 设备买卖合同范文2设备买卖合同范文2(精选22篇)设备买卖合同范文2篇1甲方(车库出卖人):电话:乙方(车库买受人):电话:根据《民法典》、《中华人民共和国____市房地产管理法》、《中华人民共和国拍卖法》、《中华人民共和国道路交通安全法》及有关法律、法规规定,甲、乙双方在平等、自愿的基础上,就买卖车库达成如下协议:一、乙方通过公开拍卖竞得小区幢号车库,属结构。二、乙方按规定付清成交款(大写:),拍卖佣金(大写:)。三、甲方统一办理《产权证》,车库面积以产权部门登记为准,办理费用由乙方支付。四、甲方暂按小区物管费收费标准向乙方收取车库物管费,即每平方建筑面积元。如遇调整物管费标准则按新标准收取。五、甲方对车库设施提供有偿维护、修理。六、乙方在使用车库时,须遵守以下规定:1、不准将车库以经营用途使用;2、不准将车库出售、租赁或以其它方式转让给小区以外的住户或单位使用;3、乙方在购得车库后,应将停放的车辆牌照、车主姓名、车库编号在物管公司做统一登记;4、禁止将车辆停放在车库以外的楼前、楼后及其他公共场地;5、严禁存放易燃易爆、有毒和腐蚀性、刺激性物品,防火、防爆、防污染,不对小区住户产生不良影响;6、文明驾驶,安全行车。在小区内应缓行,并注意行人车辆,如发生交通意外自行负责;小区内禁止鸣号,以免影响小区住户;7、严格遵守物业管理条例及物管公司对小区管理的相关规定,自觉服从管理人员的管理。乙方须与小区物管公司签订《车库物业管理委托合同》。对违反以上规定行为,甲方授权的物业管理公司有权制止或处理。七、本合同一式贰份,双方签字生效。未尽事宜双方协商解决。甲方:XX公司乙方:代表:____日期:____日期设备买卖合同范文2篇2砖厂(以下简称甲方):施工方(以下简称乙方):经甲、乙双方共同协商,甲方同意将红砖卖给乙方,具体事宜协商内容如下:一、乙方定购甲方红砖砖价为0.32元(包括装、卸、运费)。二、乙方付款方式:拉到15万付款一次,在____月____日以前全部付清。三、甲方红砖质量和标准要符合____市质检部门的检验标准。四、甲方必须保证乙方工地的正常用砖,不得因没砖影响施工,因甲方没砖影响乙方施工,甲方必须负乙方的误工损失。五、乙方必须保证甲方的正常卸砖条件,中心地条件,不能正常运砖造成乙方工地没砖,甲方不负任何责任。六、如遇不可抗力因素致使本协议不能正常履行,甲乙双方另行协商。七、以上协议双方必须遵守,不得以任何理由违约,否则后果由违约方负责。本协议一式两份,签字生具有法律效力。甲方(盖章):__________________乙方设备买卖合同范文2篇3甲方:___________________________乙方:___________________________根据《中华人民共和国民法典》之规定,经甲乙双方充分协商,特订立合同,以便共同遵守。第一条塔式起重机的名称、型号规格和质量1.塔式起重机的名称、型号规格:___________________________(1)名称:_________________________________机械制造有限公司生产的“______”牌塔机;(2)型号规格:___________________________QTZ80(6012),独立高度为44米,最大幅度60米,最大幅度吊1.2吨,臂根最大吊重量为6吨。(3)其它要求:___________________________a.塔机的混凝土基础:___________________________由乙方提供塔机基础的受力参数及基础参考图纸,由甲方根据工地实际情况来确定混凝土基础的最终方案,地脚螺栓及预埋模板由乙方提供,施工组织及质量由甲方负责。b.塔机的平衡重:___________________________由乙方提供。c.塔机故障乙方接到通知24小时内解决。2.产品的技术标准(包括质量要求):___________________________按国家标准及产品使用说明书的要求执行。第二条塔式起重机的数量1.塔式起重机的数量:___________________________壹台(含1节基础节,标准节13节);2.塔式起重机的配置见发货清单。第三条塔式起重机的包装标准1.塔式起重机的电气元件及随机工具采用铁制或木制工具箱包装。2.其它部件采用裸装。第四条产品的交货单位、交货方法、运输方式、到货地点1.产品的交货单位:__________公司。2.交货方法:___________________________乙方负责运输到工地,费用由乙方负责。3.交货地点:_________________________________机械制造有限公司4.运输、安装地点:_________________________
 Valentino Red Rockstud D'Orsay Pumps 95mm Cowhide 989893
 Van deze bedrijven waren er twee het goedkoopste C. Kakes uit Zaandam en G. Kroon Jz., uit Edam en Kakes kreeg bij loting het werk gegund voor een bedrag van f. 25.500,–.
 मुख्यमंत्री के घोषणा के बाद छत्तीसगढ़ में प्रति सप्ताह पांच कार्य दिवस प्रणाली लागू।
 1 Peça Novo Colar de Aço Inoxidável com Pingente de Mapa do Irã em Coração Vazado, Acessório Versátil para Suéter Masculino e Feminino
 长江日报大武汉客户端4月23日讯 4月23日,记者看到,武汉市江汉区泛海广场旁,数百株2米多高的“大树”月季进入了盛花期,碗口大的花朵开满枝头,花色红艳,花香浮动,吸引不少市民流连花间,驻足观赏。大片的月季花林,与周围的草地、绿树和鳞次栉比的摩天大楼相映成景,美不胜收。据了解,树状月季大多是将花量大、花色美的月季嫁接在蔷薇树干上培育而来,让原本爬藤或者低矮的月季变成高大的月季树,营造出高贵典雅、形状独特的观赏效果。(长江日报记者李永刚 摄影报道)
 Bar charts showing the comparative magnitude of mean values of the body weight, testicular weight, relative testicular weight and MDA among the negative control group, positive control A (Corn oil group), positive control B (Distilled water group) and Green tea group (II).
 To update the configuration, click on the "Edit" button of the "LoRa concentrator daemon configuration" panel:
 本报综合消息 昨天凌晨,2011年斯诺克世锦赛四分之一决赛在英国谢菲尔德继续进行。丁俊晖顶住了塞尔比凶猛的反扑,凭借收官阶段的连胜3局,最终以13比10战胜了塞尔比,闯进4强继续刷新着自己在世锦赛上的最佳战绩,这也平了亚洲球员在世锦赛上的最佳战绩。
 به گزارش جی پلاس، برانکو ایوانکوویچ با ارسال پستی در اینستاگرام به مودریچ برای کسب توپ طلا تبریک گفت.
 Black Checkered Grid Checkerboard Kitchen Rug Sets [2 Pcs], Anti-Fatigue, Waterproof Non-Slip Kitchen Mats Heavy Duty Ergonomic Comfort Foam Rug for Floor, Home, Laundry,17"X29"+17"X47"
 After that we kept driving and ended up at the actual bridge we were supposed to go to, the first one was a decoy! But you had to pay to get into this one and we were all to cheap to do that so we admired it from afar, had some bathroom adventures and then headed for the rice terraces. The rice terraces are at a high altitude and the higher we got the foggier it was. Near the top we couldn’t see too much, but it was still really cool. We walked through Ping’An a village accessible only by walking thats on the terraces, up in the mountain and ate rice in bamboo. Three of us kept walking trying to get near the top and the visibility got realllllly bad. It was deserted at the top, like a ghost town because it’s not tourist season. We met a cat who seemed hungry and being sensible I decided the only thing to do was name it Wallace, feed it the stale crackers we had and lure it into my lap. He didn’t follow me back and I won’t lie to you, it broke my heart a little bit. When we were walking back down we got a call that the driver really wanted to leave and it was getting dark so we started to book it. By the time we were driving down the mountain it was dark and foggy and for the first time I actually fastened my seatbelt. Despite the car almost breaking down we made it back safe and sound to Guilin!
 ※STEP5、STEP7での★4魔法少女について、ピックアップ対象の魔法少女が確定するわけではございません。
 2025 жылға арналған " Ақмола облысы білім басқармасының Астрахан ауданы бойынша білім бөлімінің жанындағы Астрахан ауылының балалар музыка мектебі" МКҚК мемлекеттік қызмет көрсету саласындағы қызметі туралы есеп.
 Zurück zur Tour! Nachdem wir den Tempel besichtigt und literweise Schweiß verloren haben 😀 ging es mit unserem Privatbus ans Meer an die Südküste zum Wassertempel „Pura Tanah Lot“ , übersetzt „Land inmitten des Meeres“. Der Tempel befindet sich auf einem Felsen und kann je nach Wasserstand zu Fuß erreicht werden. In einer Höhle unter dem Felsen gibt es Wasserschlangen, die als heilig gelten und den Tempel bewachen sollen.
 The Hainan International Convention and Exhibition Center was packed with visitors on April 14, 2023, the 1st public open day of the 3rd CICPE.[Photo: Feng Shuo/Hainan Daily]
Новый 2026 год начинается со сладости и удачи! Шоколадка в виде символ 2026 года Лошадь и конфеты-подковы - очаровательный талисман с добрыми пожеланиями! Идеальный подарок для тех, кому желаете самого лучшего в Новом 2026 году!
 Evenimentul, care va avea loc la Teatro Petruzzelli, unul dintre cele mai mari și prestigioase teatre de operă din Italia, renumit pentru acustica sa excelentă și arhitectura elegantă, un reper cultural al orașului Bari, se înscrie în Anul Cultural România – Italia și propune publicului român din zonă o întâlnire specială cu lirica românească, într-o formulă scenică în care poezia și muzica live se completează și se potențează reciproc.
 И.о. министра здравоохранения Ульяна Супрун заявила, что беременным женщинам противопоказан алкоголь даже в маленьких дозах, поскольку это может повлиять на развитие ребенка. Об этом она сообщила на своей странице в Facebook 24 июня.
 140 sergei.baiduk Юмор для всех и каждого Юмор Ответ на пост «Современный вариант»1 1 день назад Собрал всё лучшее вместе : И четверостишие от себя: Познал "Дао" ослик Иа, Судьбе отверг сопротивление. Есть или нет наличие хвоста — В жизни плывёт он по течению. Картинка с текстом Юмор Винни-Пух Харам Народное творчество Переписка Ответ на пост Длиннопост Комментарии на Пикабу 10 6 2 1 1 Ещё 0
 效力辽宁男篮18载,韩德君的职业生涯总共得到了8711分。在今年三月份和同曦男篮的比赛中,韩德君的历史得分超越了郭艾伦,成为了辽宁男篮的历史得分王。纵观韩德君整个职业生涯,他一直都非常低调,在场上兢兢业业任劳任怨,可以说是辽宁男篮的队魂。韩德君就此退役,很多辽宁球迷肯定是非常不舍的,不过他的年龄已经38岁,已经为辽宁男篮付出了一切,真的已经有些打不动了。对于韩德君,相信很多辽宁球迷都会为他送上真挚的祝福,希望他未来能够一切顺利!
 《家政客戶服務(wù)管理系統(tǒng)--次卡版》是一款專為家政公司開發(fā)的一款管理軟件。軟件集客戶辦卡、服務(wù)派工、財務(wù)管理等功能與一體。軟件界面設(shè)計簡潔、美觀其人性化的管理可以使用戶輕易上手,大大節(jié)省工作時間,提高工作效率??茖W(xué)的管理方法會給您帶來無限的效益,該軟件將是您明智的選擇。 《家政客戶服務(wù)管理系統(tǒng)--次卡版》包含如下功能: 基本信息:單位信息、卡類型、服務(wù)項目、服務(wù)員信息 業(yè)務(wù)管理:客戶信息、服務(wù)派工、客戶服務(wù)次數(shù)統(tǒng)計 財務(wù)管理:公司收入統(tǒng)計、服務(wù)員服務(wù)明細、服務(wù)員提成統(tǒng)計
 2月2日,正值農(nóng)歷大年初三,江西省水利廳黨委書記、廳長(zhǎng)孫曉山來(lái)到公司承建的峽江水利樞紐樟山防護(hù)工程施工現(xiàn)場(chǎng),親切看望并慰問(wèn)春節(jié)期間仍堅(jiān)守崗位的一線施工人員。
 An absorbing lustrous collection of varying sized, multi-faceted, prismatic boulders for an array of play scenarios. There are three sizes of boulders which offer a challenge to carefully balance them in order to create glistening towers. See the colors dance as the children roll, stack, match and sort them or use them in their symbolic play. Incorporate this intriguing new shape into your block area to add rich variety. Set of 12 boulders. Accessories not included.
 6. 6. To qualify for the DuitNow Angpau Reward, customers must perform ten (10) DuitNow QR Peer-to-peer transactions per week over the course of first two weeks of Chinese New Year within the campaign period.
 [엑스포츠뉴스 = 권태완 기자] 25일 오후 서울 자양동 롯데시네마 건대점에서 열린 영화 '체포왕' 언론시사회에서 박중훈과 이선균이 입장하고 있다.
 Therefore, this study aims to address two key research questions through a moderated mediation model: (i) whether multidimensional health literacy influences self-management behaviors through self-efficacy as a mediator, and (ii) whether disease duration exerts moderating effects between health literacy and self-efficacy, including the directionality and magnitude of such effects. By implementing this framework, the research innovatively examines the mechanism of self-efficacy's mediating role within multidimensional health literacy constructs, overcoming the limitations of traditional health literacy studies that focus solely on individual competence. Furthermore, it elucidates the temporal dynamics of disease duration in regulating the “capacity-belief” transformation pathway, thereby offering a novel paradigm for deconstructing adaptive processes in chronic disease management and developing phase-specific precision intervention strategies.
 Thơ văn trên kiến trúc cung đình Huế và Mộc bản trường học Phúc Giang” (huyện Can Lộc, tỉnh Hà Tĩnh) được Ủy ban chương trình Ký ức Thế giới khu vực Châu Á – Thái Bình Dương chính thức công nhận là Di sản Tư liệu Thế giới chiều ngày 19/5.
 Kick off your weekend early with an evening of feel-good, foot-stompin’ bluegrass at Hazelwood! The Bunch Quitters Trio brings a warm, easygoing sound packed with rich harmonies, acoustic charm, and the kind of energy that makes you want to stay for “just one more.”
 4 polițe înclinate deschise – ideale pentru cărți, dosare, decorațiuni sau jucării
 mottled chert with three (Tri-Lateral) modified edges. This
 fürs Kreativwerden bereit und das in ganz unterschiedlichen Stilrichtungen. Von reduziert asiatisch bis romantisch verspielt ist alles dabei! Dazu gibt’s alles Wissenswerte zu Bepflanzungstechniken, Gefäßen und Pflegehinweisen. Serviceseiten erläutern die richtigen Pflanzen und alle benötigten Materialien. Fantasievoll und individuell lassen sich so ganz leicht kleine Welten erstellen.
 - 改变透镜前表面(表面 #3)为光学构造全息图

▶ _Task brief_: What is wanted is a copy of every line in the listing that includes the word "gibt".

▶ _Task response_:
 Zurück zur Tour! Nachdem wir den Tempel besichtigt und literweise Schweiß verloren haben 😀 ging es mit unserem Privatbus ans Meer an die Südküste zum Wassertempel „Pura Tanah Lot“ , übersetzt „Land inmitten des Meeres“. Der Tempel befindet sich auf einem Felsen und kann je nach Wasserstand zu Fuß erreicht werden. In einer Höhle unter dem Felsen gibt es Wasserschlangen, die als heilig gelten und den Tempel bewachen sollen.
 fürs Kreativwerden bereit und das in ganz unterschiedlichen Stilrichtungen. Von reduziert asiatisch bis romantisch verspielt ist alles dabei! Dazu gibt’s alles Wissenswerte zu Bepflanzungstechniken, Gefäßen und Pflegehinweisen. Serviceseiten erläutern die richtigen Pflanzen und alle benötigten Materialien. Fantasievoll und individuell lassen sich so ganz leicht kleine Welten erstellen.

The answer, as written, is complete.